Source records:
= = = = =

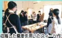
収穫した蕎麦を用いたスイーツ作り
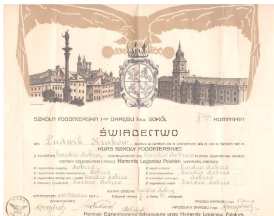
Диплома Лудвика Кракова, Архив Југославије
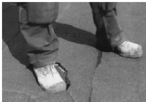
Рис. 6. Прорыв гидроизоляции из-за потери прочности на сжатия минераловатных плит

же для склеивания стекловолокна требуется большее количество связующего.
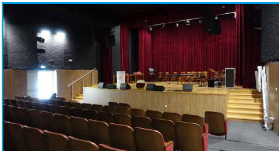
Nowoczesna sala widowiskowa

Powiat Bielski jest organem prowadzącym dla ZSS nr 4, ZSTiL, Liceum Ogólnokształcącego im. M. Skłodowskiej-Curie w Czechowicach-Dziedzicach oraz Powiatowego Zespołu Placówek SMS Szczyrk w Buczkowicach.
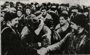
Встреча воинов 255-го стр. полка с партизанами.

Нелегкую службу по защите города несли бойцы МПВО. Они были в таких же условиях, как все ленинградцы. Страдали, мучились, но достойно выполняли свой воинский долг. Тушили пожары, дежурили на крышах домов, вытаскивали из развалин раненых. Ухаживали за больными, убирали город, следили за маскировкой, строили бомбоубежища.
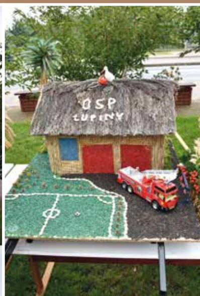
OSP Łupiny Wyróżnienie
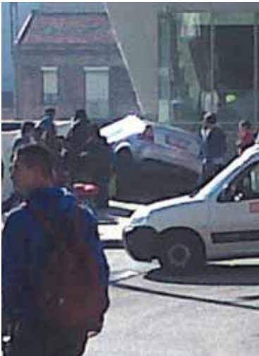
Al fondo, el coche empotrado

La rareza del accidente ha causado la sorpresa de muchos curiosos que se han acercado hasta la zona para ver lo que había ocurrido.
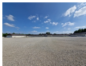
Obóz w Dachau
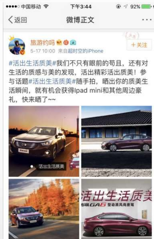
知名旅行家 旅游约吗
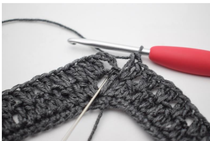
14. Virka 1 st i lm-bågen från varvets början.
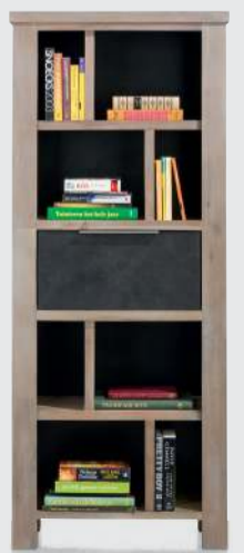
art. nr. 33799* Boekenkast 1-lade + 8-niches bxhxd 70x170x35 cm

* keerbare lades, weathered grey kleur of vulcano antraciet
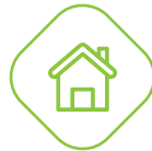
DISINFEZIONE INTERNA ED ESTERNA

= = = = =

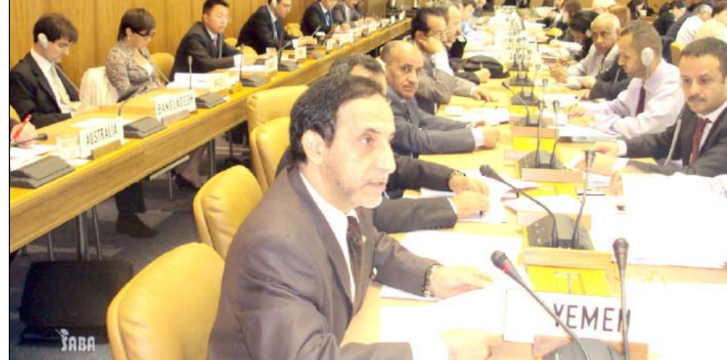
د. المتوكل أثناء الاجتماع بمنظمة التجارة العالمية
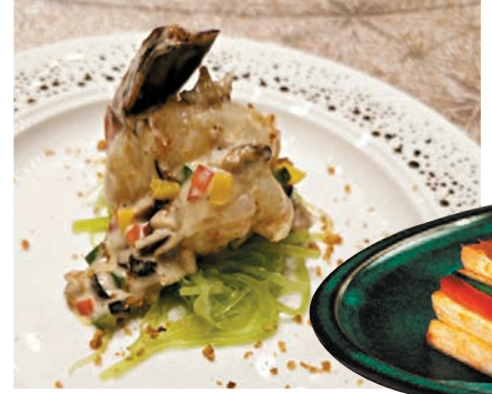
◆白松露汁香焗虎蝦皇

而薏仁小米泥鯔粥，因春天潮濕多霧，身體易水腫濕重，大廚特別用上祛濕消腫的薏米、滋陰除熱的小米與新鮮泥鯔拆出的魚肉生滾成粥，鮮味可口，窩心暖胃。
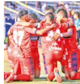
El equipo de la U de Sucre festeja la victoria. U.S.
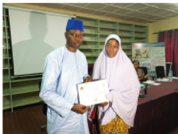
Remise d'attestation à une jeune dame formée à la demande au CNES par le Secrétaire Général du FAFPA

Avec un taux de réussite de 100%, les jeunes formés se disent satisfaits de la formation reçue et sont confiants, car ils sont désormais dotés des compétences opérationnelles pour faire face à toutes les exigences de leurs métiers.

= = = = =

- [PROBLEM DESCRIPTION]: Copy out the range of lines above starting at the line with "Remise d'attestation à" and ending at the line with "Avec un taux", exactly and including both.

- [RESPONSE AREA]:
Remise d'attestation à une jeune dame formée à la demande au CNES par le Secrétaire Général du FAFPA

Avec un taux de réussite de 100%, les jeunes formés se disent satisfaits de la formation reçue et sont confiants, car ils sont désormais dotés des compétences opérationnelles pour faire face à toutes les exigences de leurs métiers.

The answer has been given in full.